(Beginning of Supplied entries)
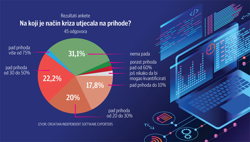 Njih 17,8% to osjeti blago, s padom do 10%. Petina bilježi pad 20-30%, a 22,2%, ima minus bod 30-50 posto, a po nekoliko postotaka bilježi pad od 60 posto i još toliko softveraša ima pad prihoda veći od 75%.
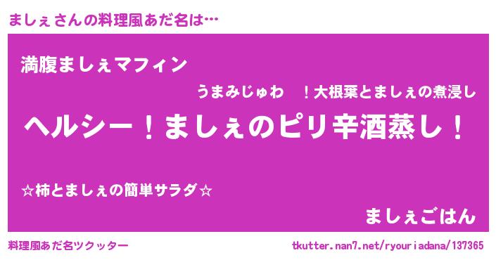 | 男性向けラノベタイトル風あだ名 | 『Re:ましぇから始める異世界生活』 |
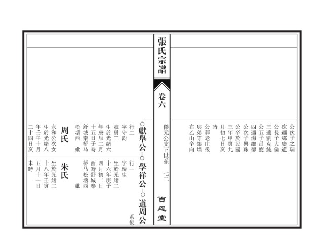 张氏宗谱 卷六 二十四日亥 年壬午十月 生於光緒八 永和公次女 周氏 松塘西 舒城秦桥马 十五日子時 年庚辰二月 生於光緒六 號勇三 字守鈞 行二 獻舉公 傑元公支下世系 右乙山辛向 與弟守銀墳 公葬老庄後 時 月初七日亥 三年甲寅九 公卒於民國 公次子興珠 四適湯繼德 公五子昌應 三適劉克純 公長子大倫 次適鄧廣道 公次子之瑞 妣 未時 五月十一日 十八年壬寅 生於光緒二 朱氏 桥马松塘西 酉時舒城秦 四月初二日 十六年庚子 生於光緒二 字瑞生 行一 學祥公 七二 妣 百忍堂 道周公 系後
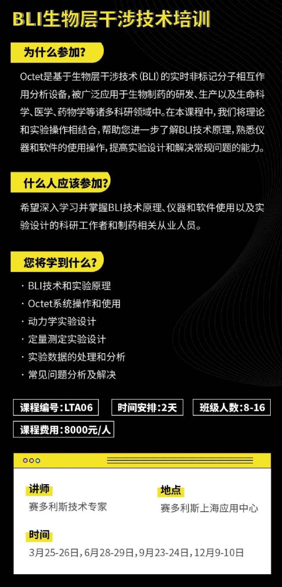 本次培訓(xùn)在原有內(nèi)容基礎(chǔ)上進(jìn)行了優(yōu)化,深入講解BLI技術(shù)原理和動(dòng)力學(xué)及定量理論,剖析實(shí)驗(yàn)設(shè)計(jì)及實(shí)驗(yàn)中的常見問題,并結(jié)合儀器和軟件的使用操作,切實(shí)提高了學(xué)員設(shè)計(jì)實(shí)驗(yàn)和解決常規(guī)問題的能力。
(End of Supplied entries)
(Beginning of Supplied entries)
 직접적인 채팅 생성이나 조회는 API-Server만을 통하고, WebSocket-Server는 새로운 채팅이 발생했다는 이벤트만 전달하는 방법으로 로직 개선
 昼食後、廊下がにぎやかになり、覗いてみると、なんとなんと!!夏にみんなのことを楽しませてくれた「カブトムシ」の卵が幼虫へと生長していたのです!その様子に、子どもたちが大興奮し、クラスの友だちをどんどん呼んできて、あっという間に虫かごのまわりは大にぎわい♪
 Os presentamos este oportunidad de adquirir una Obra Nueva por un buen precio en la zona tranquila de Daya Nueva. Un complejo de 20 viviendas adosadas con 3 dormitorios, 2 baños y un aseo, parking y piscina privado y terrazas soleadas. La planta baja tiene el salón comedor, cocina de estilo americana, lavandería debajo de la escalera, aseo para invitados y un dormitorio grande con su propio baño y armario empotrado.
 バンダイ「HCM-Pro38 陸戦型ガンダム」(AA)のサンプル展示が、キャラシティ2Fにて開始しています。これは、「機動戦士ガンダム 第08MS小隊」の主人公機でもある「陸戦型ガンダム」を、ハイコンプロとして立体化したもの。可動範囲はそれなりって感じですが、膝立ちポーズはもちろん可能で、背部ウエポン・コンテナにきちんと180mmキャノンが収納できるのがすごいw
(End of Supplied entries)
(Beginning of Supplied entries)
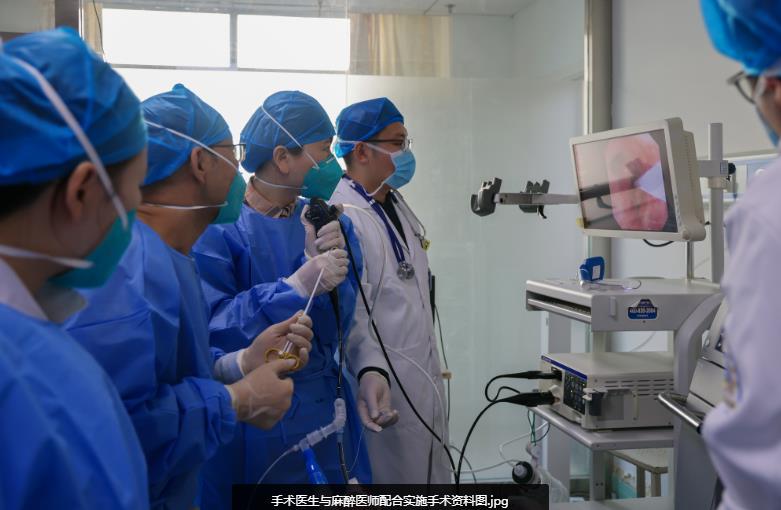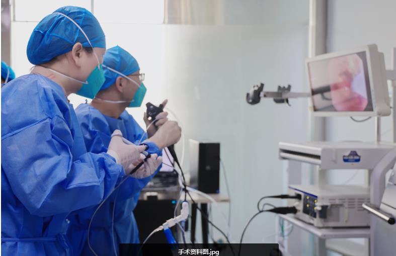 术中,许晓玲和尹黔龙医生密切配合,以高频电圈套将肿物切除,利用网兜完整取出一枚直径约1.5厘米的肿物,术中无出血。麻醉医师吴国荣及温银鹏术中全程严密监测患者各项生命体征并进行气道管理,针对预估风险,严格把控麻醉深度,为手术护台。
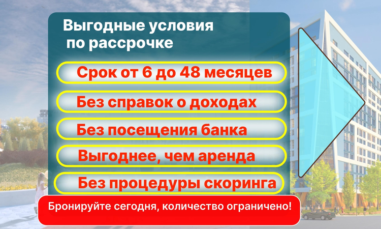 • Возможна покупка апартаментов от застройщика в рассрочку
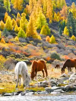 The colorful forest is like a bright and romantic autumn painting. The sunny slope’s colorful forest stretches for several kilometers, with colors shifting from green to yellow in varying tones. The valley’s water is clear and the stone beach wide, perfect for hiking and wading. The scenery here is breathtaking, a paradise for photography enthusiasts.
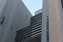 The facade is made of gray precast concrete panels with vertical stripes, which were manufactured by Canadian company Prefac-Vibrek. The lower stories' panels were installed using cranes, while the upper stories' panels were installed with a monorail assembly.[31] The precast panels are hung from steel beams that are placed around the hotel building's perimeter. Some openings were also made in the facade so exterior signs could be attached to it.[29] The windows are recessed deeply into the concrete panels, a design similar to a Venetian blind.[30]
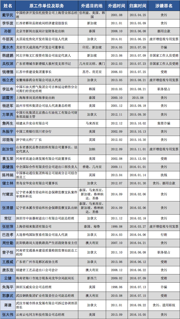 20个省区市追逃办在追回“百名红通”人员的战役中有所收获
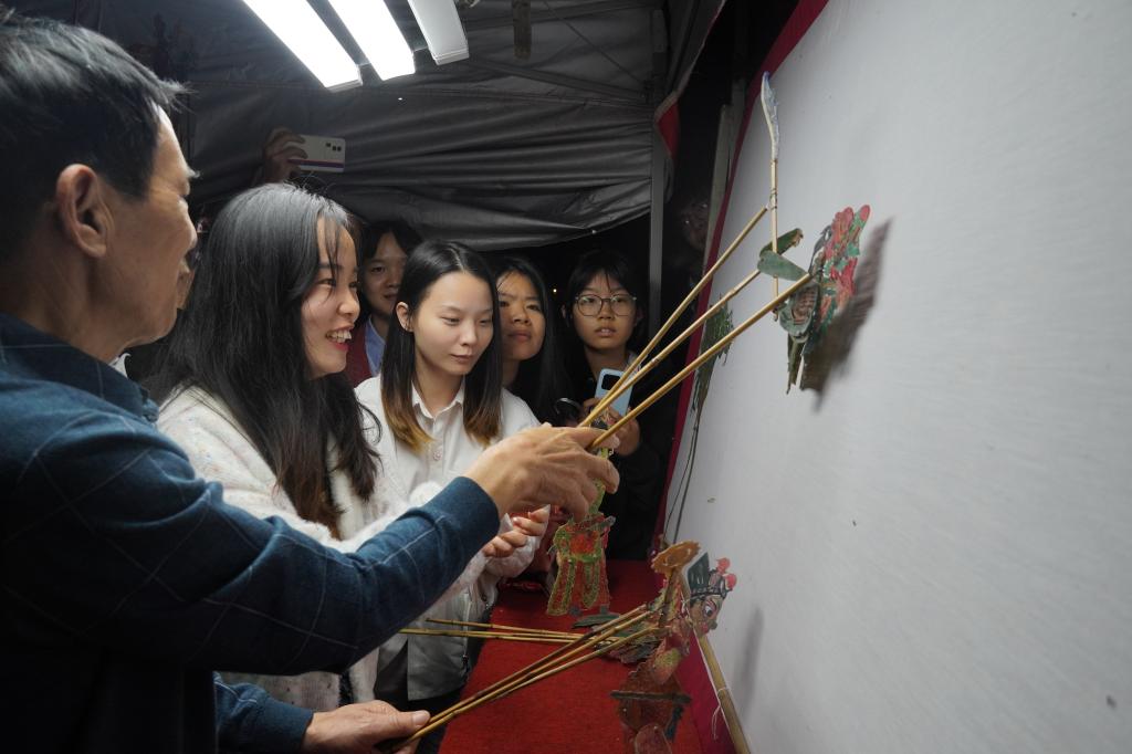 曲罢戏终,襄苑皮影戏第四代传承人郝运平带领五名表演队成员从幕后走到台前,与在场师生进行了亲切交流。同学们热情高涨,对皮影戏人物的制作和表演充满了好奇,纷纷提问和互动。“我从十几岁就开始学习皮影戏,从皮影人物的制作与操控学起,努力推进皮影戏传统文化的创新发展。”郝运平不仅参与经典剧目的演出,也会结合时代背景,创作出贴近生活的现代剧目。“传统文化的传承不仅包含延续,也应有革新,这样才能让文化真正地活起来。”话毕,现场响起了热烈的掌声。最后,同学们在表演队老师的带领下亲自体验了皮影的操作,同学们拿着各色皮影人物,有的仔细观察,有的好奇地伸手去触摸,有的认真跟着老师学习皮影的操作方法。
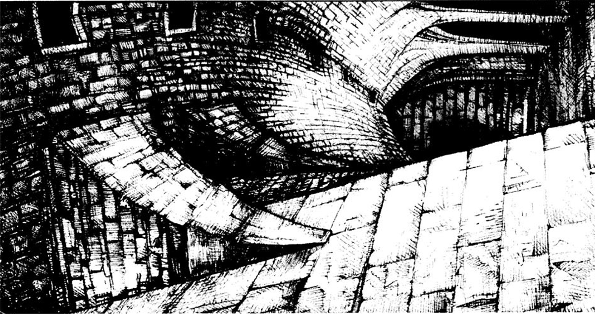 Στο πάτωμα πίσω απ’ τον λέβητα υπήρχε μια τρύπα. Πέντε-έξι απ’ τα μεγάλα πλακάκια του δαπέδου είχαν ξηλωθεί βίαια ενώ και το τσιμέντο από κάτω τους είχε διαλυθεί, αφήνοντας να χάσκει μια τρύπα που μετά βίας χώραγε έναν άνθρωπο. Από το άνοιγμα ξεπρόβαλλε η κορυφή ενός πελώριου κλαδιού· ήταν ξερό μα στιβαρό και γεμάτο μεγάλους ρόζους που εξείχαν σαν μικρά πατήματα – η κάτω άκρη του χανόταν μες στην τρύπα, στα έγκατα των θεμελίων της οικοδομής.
(End of Supplied entries)
Activity >> Among the entries above, take the lines from the one with "术中,许晓玲和尹黔龙医生密切" through the one with "The colorful forest" and retype them exactly, leaving out the pictures.

Result below >>
 术中,许晓玲和尹黔龙医生密切配合,以高频电圈套将肿物切除,利用网兜完整取出一枚直径约1.5厘米的肿物,术中无出血。麻醉医师吴国荣及温银鹏术中全程严密监测患者各项生命体征并进行气道管理,针对预估风险,严格把控麻醉深度,为手术护台。
 • Возможна покупка апартаментов от застройщика в рассрочку
 The colorful forest is like a bright and romantic autumn painting. The sunny slope’s colorful forest stretches for several kilometers, with colors shifting from green to yellow in varying tones. The valley’s water is clear and the stone beach wide, perfect for hiking and wading. The scenery here is breathtaking, a paradise for photography enthusiasts.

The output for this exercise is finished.